|Posted by: Abdul Apr 23 2004, 11:43 AM
|I run a convenience store that I have to pay a rent every month, I would like to buy that property. My question is that what do I need to do or how do I apply for a loan on what basis and can I get a loan more than a property's value? Any helpful institutions who could provide my that kind of information? Any help will be highly appreciated.
|Posted by: loanuniverse Apr 23 2004, 01:09 PM
Your question: ….what do I need to do or how do I apply for a loan on what basis and can I get a loan more than a property's value? has two answers.
The first is that this type of loan is called an “owner occupied commercial real estate loan”. The way that it is usually underwritten is by analyzing the operational cash flow of the convenience store and once this is computed, a determination is made on whether this cash flow is sufficient to repay the loan used to purchase the property. The lender is going to require financial information on your business and yourself in order to compute this operational cash flow so at a minimum the lender will require:
- Three years of financial information on the convenience store. Preferably accountant prepared financials or at a minimum corporate tax returns.

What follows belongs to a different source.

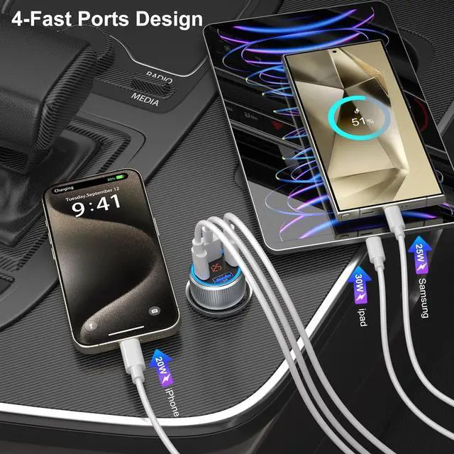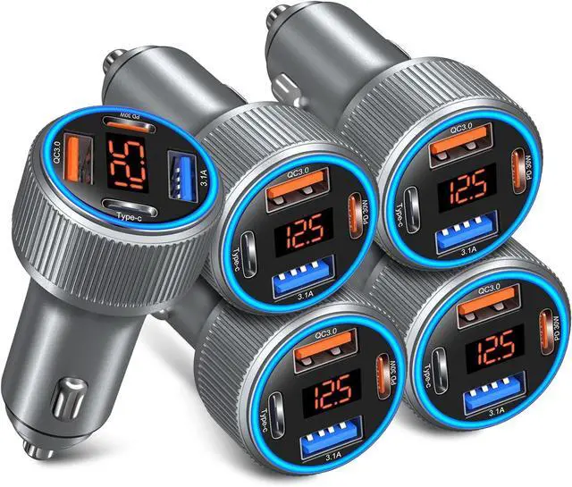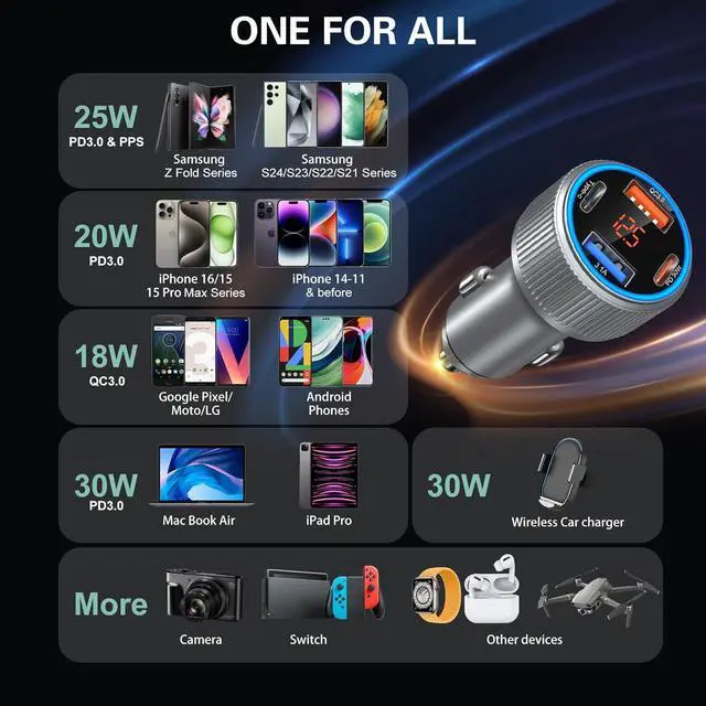 Fast Car Charger: With the upgrade QC 3.0 +PD Fast charging technology the 65 Watt high speed car adapter can support max PD 30W and QC 18W output simultaneously rapid charge for iPhone Galaxy tablets even Macbook and most android devices from 0% to 60% in 35 minutes. One car charger adapter with both standard usb and c type connectors works with all types of charger cables. Upgraded 4-in-1

- A personal financial statement on yourself.
- Personal tax returns for the last three years.
In addition, it will be a good idea to create a curriculum vitae of yourself specially if you have a long history of managing convenience stores. This will give the lender an idea of how well you know the business.
The operational cash flow of your business can be computed in a couple of different ways, but most lenders use the traditional cash flow, which is simply your “net income” plus “depreciation” plus “amortization” plus “interest expense”. The resulting number is called Earnings Before Interest Depreciation and Amortization or “EBIDA”. The other method is UCA cash flow, but it is used much less. You can learn about both in other sections of this website.
The second part of the question …. can I get a loan more than a property's value? has a complicated answer, but the truth is that most likely you can not. The lender requires a certain cushion since the appraised value of the property is not what the lender gets in case they have to liquidate the collateral. Loans like the one you are thinking of usually have a maximum 80% loan-to-value.
Good luck and hope this helps.
|Posted by: Guest Apr 24 2004, 12:05 AM
|Thank you very much. Its a big help to start with.